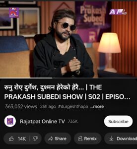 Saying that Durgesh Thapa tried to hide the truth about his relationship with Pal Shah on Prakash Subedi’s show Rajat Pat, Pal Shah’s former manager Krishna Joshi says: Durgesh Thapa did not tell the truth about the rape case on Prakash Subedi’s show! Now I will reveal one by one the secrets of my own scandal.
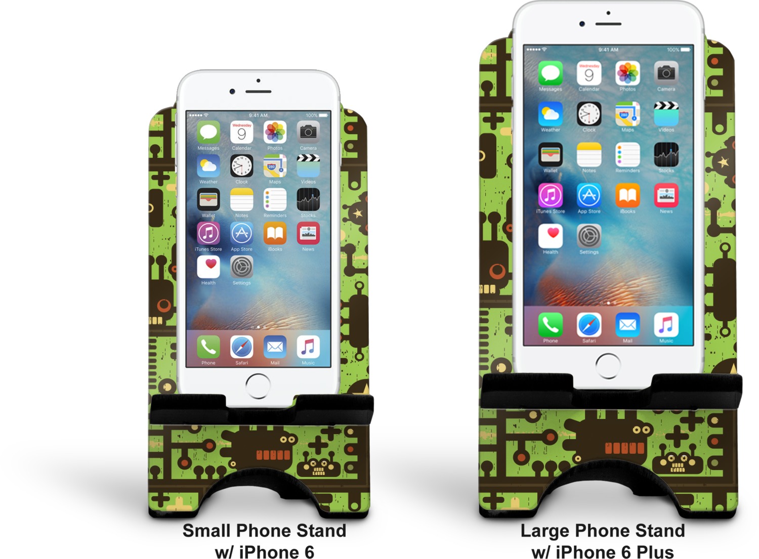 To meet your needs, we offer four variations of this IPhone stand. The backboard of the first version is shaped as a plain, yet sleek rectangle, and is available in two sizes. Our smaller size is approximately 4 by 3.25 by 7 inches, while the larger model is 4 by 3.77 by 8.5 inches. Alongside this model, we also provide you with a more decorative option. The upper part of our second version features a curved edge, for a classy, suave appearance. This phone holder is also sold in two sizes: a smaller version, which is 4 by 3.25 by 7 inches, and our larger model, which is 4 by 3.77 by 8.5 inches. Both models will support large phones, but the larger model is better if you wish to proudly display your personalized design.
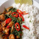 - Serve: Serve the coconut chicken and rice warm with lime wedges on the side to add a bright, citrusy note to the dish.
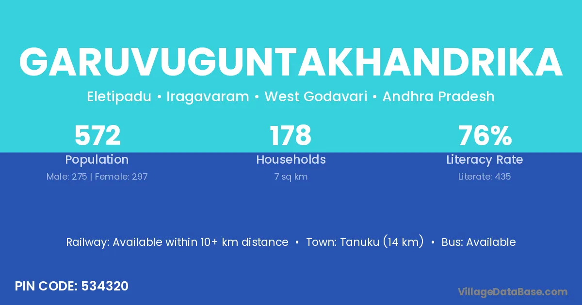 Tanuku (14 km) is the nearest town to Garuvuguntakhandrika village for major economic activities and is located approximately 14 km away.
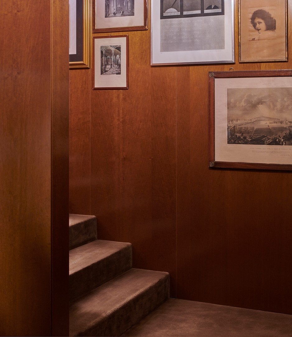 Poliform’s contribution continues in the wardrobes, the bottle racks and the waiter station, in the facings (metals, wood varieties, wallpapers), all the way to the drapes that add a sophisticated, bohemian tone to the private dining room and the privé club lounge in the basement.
★ ★ ★
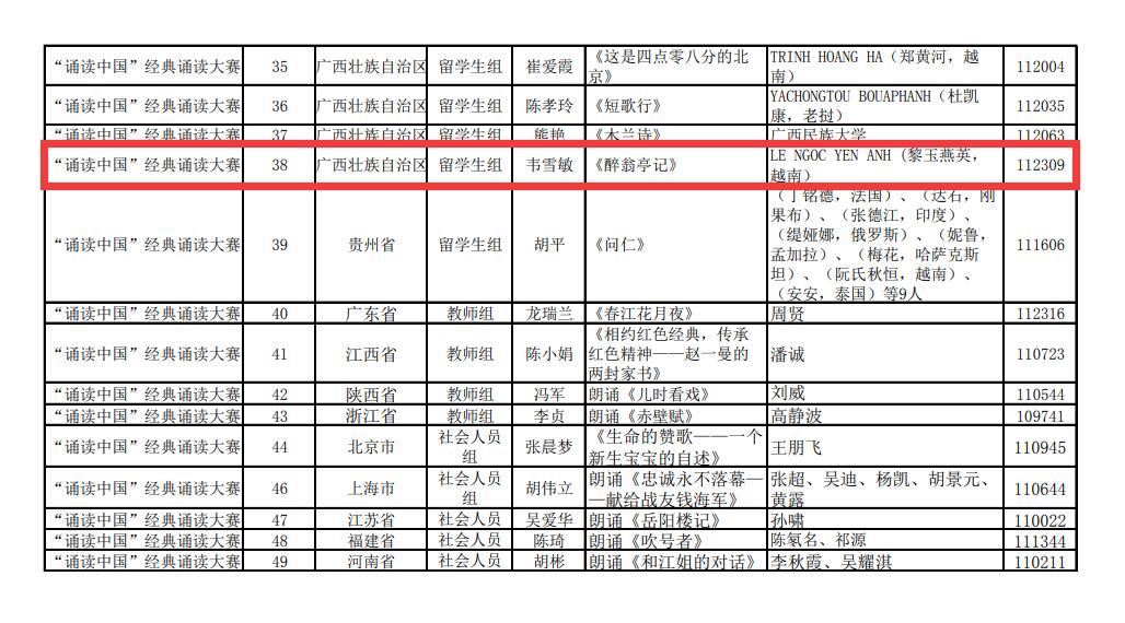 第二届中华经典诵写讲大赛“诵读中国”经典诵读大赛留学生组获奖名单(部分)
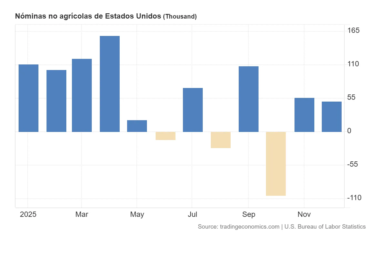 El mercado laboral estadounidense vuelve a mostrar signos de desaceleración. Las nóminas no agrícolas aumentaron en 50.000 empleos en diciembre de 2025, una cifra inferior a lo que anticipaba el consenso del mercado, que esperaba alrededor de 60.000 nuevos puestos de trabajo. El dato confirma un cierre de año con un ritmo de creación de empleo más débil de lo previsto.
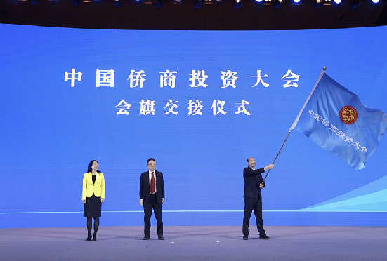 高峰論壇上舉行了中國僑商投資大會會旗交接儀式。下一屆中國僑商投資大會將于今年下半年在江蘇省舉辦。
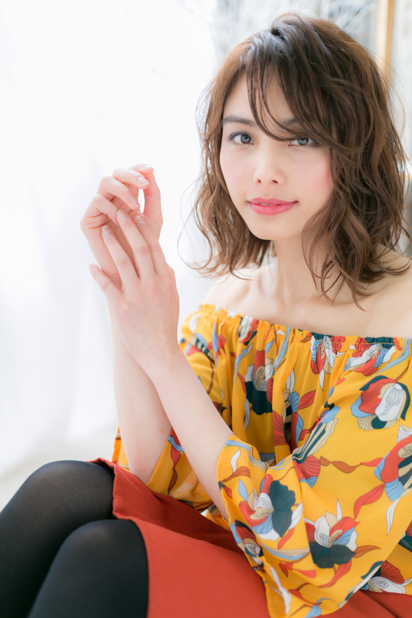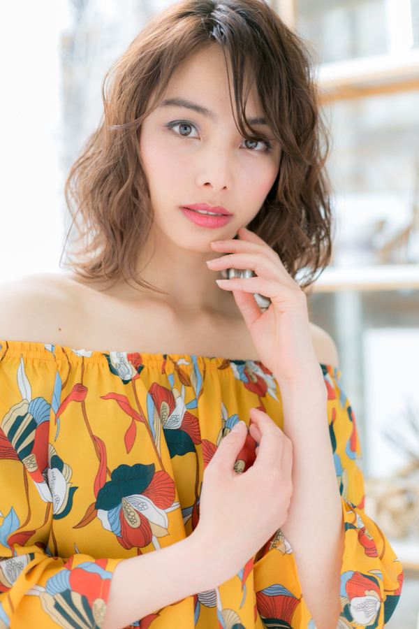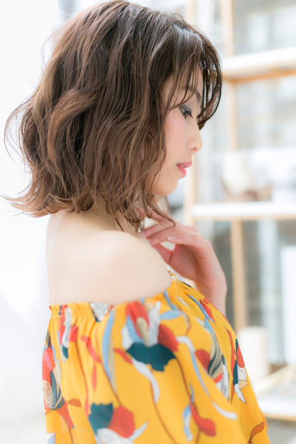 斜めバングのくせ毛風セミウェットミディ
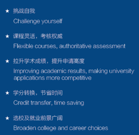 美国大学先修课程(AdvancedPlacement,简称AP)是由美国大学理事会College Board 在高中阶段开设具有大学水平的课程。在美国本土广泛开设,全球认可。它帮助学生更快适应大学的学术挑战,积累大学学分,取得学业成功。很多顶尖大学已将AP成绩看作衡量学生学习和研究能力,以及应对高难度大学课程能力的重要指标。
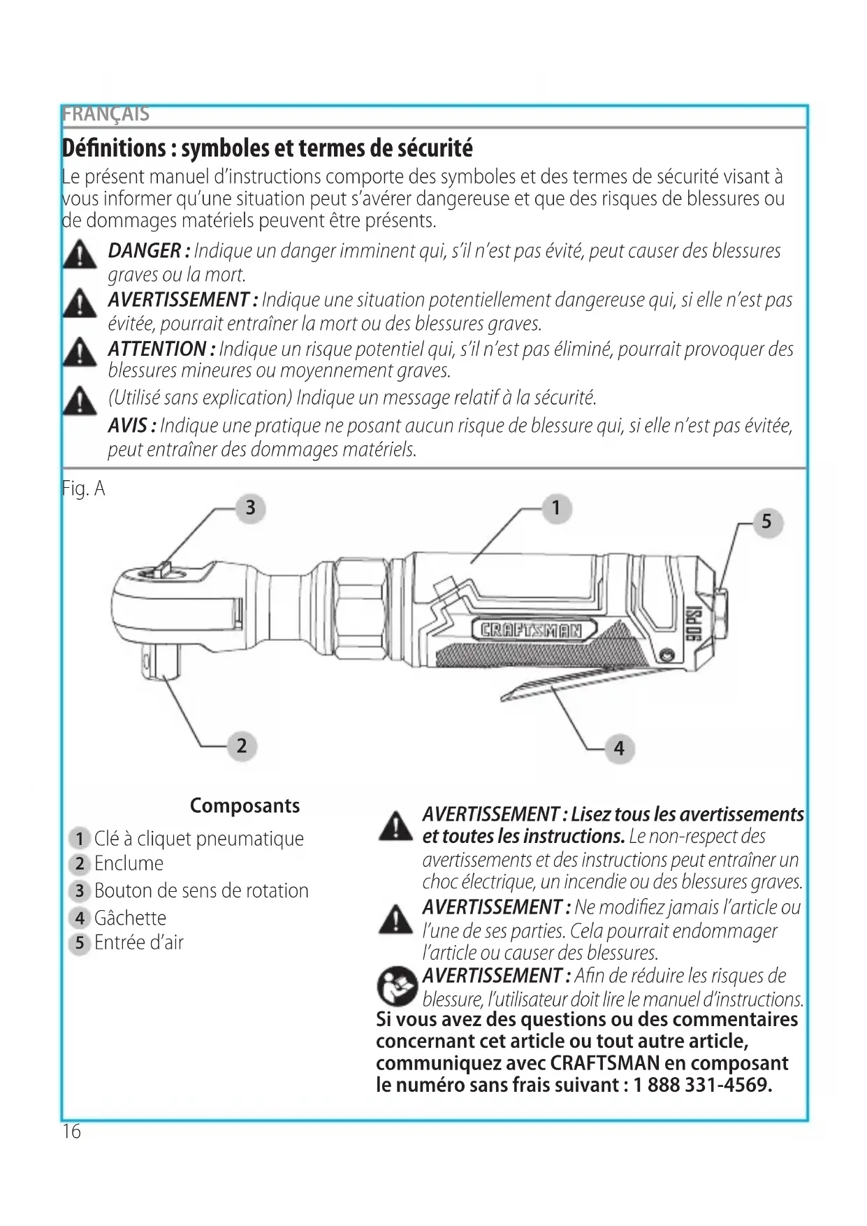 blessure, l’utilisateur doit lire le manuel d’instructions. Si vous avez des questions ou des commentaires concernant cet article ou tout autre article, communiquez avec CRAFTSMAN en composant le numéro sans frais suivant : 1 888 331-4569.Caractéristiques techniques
★ ★ ★
▶ **Task objective**
Using the data above, print only the lines starting at the one with "- Serve: Serve" and ending at the one with "Poliform’s contribution continues", exactly as they stand, minus the pictures.

▶ **Result for this task**
 - Serve: Serve the coconut chicken and rice warm with lime wedges on the side to add a bright, citrusy note to the dish.
 Tanuku (14 km) is the nearest town to Garuvuguntakhandrika village for major economic activities and is located approximately 14 km away.
 Poliform’s contribution continues in the wardrobes, the bottle racks and the waiter station, in the facings (metals, wood varieties, wallpapers), all the way to the drapes that add a sophisticated, bohemian tone to the private dining room and the privé club lounge in the basement.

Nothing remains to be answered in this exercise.